Spot on. This sort of out-of-the-box thinking is definitely one of the most
important things in the career of an engineer.

------
uniclaude
Yes, sometimes the data structure you need is either:

\- unavailable (in a permissive license in) the platform you're currently
using.

\- available with an unsatisfying implementation.

If you're lucky, your employer will allow you to contribute to open source
during your working hours so other developers won't need to re-implement it.
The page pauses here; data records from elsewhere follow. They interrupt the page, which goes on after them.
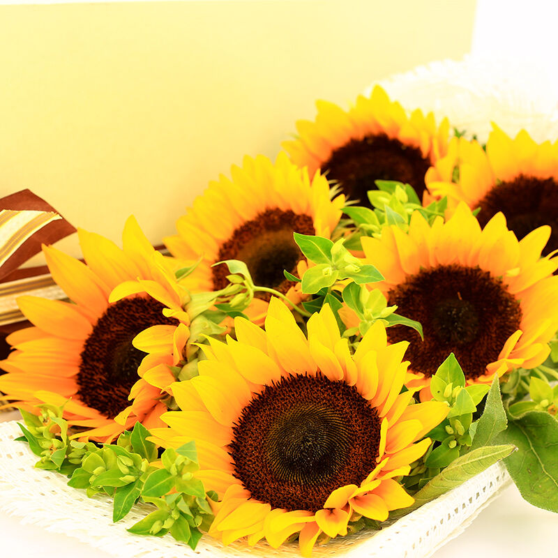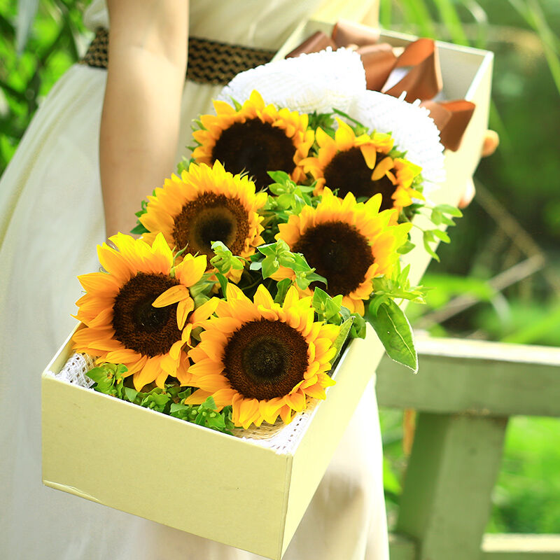 花 材:6支精品向日葵,搭配黄莺或绿叶。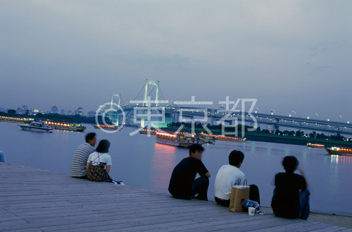 タイトル: お台場海浜公園の夕涼み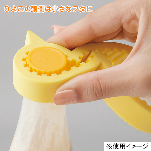 ひよこの頭で瓶、お腹でジャム等のフタを開けられます。径2〜7cmのフタに対応。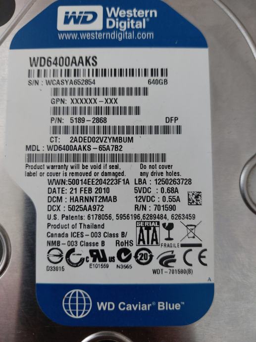 Western Digital 640GB SATA Hard Disk u odličnom stanju, nema bad sektora napravljen test.!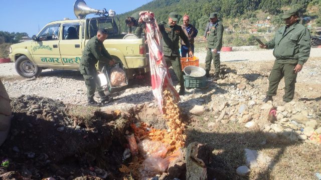 मकवानपुर, १ मंसिर । हेटौँडा उपमहानगरपालिकाको नगर प्रहरीले जफत गरेको मिठाई तथा तरकारी नष्ट गरेको छ । फुटपाथमा बिक्रीका लागि राखेको सामग्री नगर प्रहरीले जफत गरी नष्ट गरेको हो ।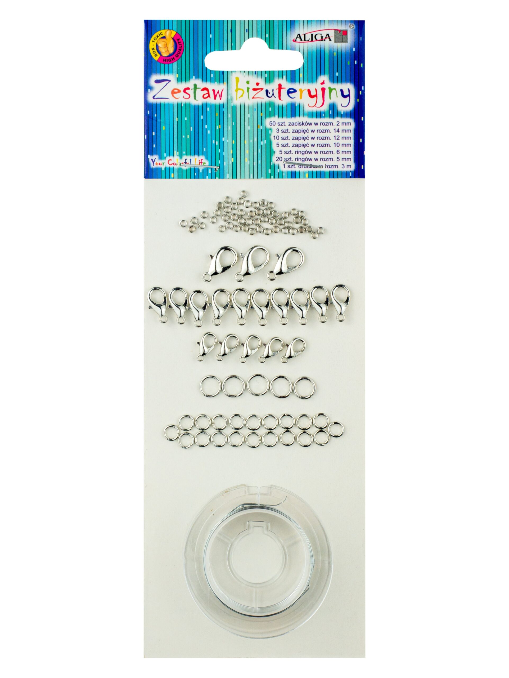 Zawiera 93 elementy: zaciski, zapięcia, ringi + żyłka elastyczna o długości 3m

Now, if the question is about whether I needed to come up with a totally novel
data structure at the office, the answer is no in my case.

------
kafkaesq
Not every day but often enough, for sure. Usually it's really nothing special,
just a simple abstraction that helps prevent boilerplate accumulation and
possible error sources throughout the rest of the codebase (or head off
external dependencies).

For example, rather than import some all-things-to-all-people, infinitely
scalable graph theory package, sometimes it's better to just spend 45 minutes
writing a simple vertex-to-vertex map (to provide a piece of functionality
that you _know_ won't change).

Heck, sometimes it's even substantially quicker to roll your own data
structure than go searching for a mature library that claims to provide it
(and evaluate whether it's really properly maintained or won't otherwise
impose technical debt on your project). What's key is knowing when to make
that judgement call, of course.